My sister and I have made my mom a birthday cake together for the past few years. I love baking with other people – especially my sister 🙂 My mom loves pumpkin and loves toffee, so we found the perfect combination for her. This cake has 3 thin layers – the first layer is more like a pumpkin pie, the second is cake mix crumbles, and the top includes pecans and toffee 🙂
1 15 oz can of Pumpkin
1 10 oz can of evaporated milk OR can use 1 cup regular milk
1 cup brown sugar
2 tsp pumpkin pie spice
1 package yellow cake mix
1/2 cup melted butter
6-8 full graham crackers crumbled
1/2 cup toffee bits
1/2 cup pecan crumbles
Preheat oven to 350 degrees.
First, blend pumpkin, milk, eggs, brown sugar, pumpkin pie spice. Mix until well combined.

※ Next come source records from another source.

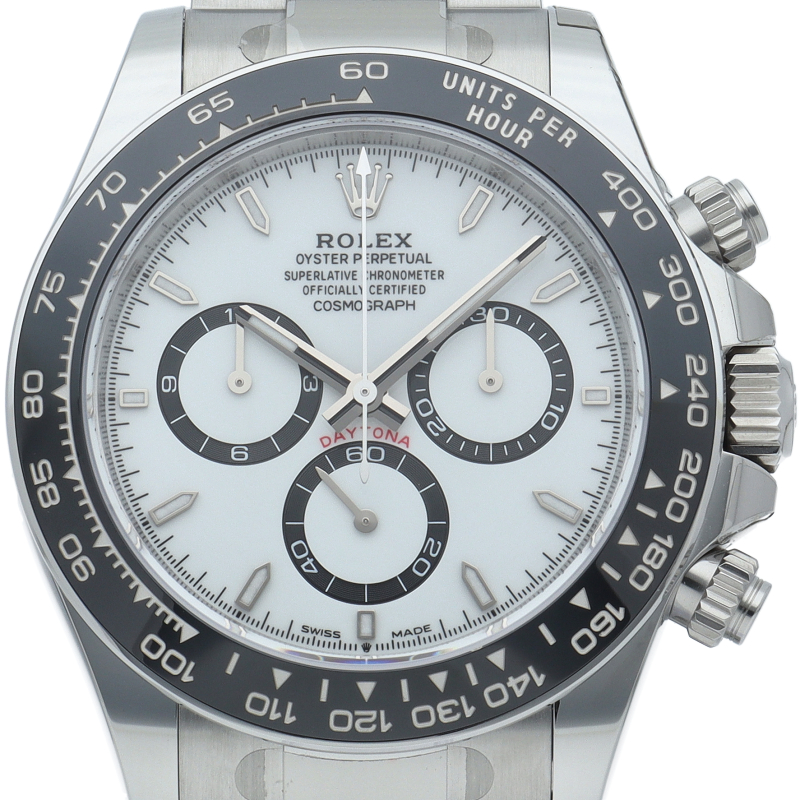 2023年新たにモデルチェンジしたコスモグラフ デイトナ。ロレックスのクロノグラフモデルとして登場したデイトナは、2023年に60周年を迎え第七世代となりました。変更点は、ベゼルのフチ周りにミドルケースと同一素材のメタルが使用され、ムーブメントにはコラムホイール&垂直クラッチ式のキャリバー4131を搭載。72時間パワーリザーブを誇ります。
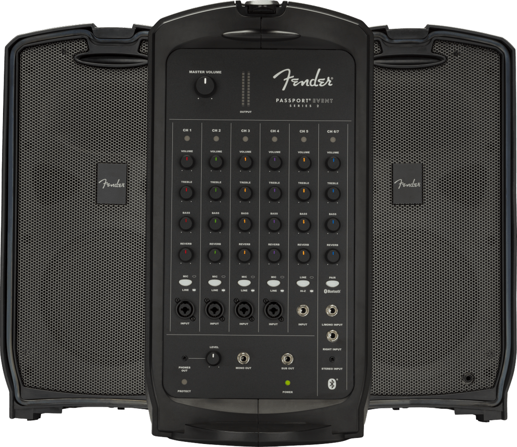The Fender® Passport® Event Series 2 is a self-contained portable audio system that includes everything for great sound anywhere, anytime. Carry Passport like a suitcase, and simply flip open the cabinet release latches for easy setup, with two full-range speaker cabinets, a powered mixer, and all cables needed.
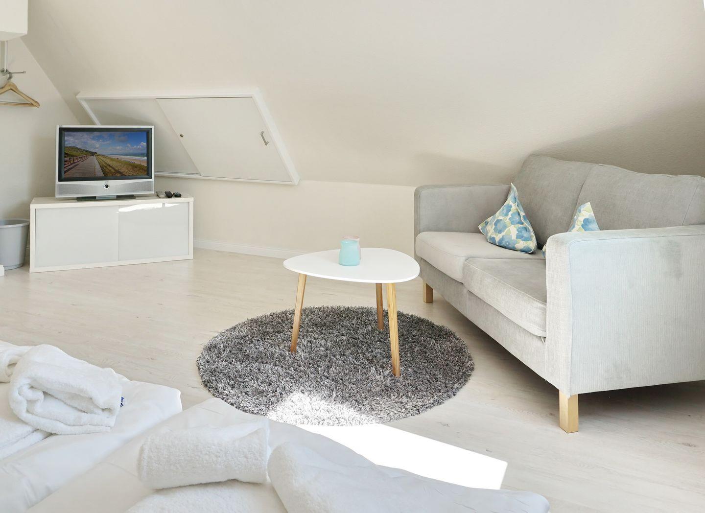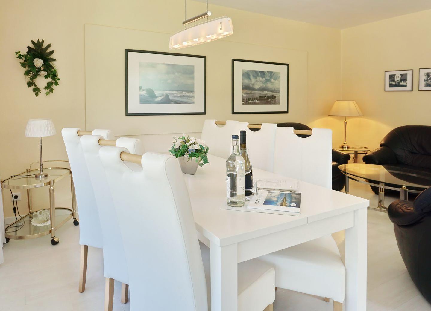 Wohn-/Essbereich: heller großzügiger Wohnraum mit zwei Couchen sowie Sessel als Sitzgruppe, runder Esstisch mit vier (sechs) Stühlen
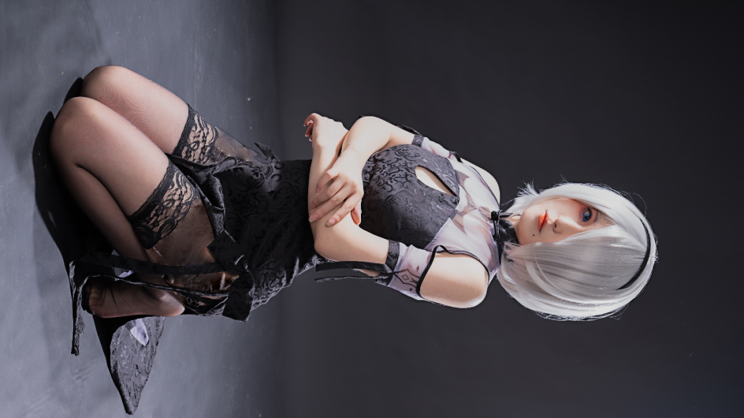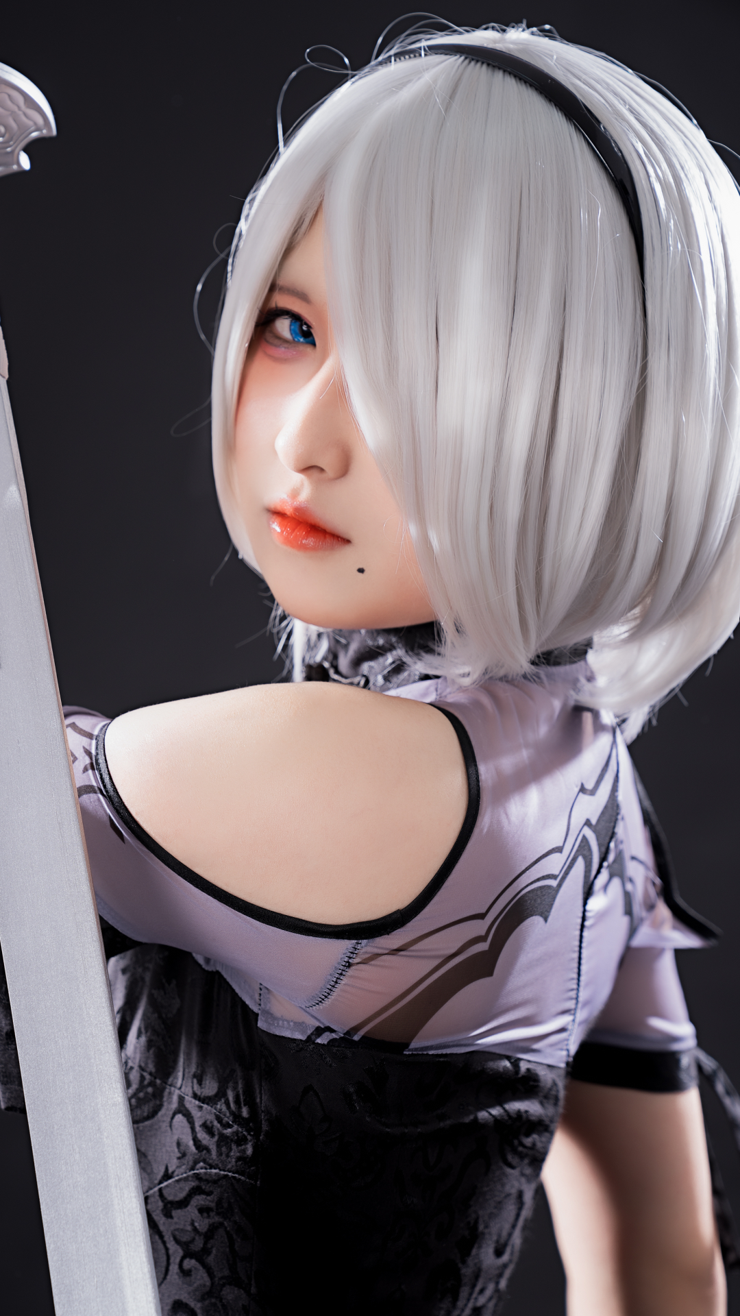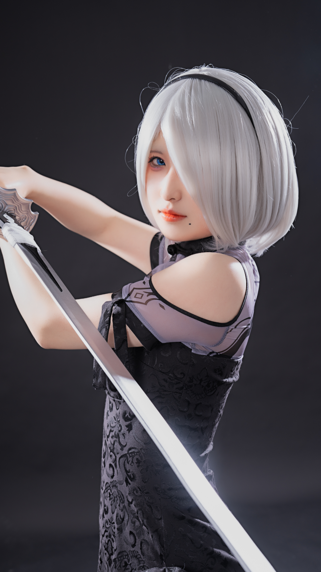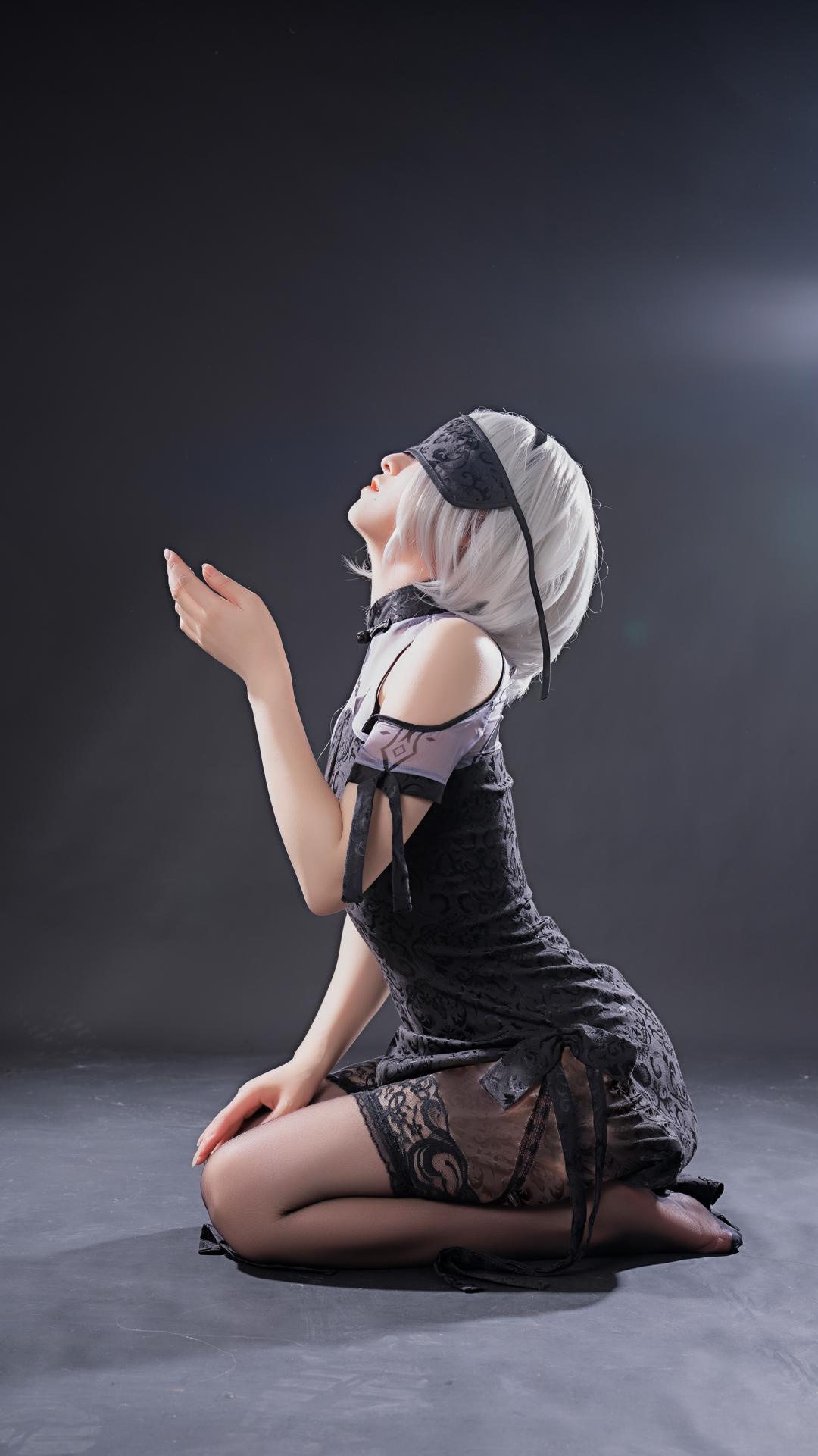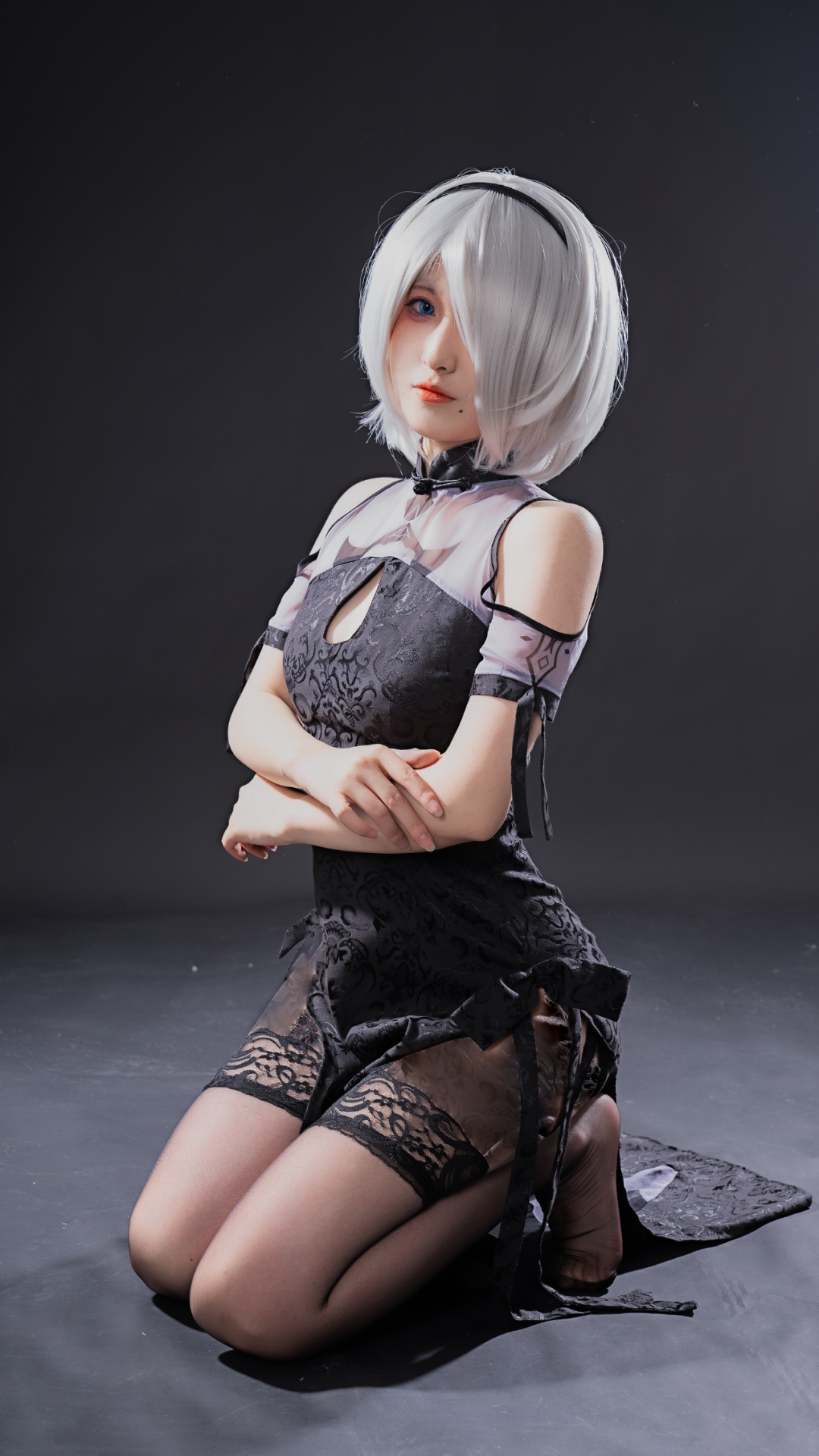 尼尔机械纪元-2b旗袍cosplay正片,玫瑰色的唇角旁还有一颗美人痣
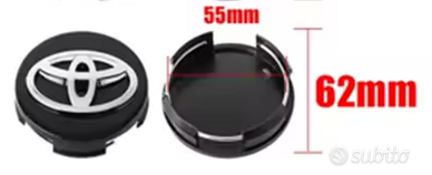 Vendo per errato acquisto 4 tappi copertura mozzo ruota con stemma Toyota silver su sfondo nero. Il diametro esterno è 62mm
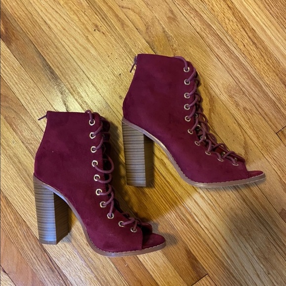 Love these beautiful burgundy color booties. Brand new condition. Fast delivery. Received a nice thank you card and wishing me a Happy Birthday! Thank you for the thoughtful card, also got a nice little gift birthday popcorn. Yeeeeaaa. Thanks again!
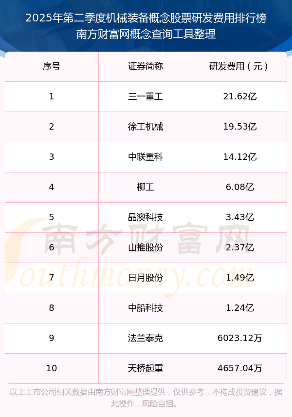 2025年第二季度机械装备概念股票研发费用排行榜如下:三一重工(600031)研发费用总额高达21.62亿,徐工机械(000425)和中联重科(000157)分别排名第二和第三,柳工(000528)、晶澳科技(002459)、山推股份(000680)、日月股份(603218)、中船科技(600072)、法兰泰克(603966)、天桥起重(002523)分别进入前十,其研发费用总额分别排名第4-10名。
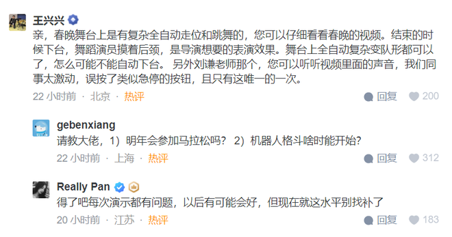 对此,宇树科技CEO在该答案下回复称,“亲,春晚舞台上是有复杂全自动走位和跳舞的,您可以仔细看看春晚的视频。结束的时候下台,舞蹈演员摸着后颈,是导演想要的表演效果。舞台上全自动复杂变队形都可以了,怎么可能不能自动下台。 另外刘谦老师那个,您可以听听视频里面的声音,我们同事太激动,误按了类似急停的按钮,且只有这唯一的一次。”
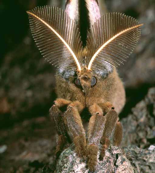 The likelihood is, though, that moths are the record-holders, especially the males. They use their antennae to home in on the sex pheromones, or chemical allures, released by females and can even detect if these females are on plants suitable for egg-laying. Some females release deviously small amounts of pheromone, to make sure that only those males with the most highly tuned antennae can follow the trails. The likely record-holder for the best known sense of smell is the polyphemus moth: just one pheromone molecule landing on a male’s antennae will trigger a response in his brain.
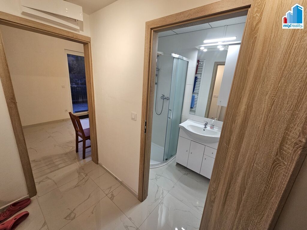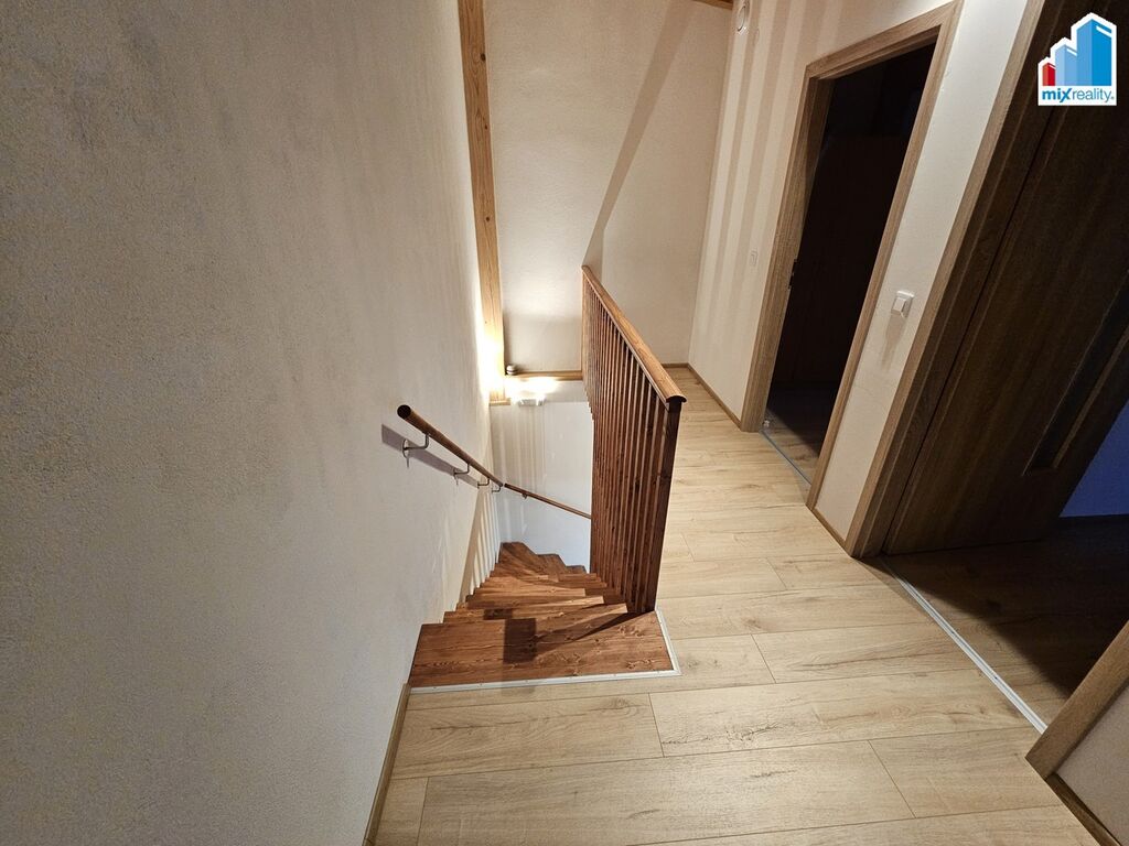 V přízemí se nachází předsíň, prostorný obývací pokoj s kuchyňským koutem a vstupem na terasu, dále koupelna se sprchovým koutem a toaletou.
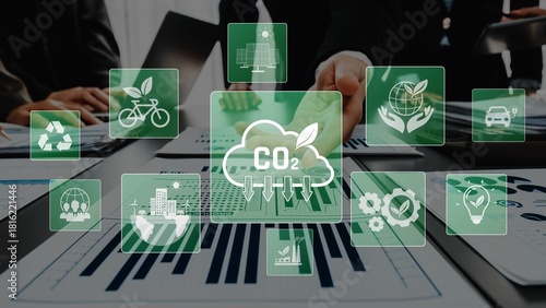 © InfiniteFlow, Naklejka premium A conceptual image showcasing various graphics related to environmental impact, carbon offset, and sustainable practices for a greener future in business strategies. Raster

Add about 1/3 of the cake mix to mix it in.
Pour into 9×13 greased pan.
Sprinkle remaining cake mix on top, followed by graham crackers, pecans, then toffee. Pour the melted butter on top!
Bake for 45 minutes at 350 degrees.
Let cake cool completely. Serve with a dollop of cool whip 🙂
This recipe was originally found at : http://cookiesandcups.com/pumpkin-dump-cake/
We reduced the butter by half and used skim milk to cut the calories.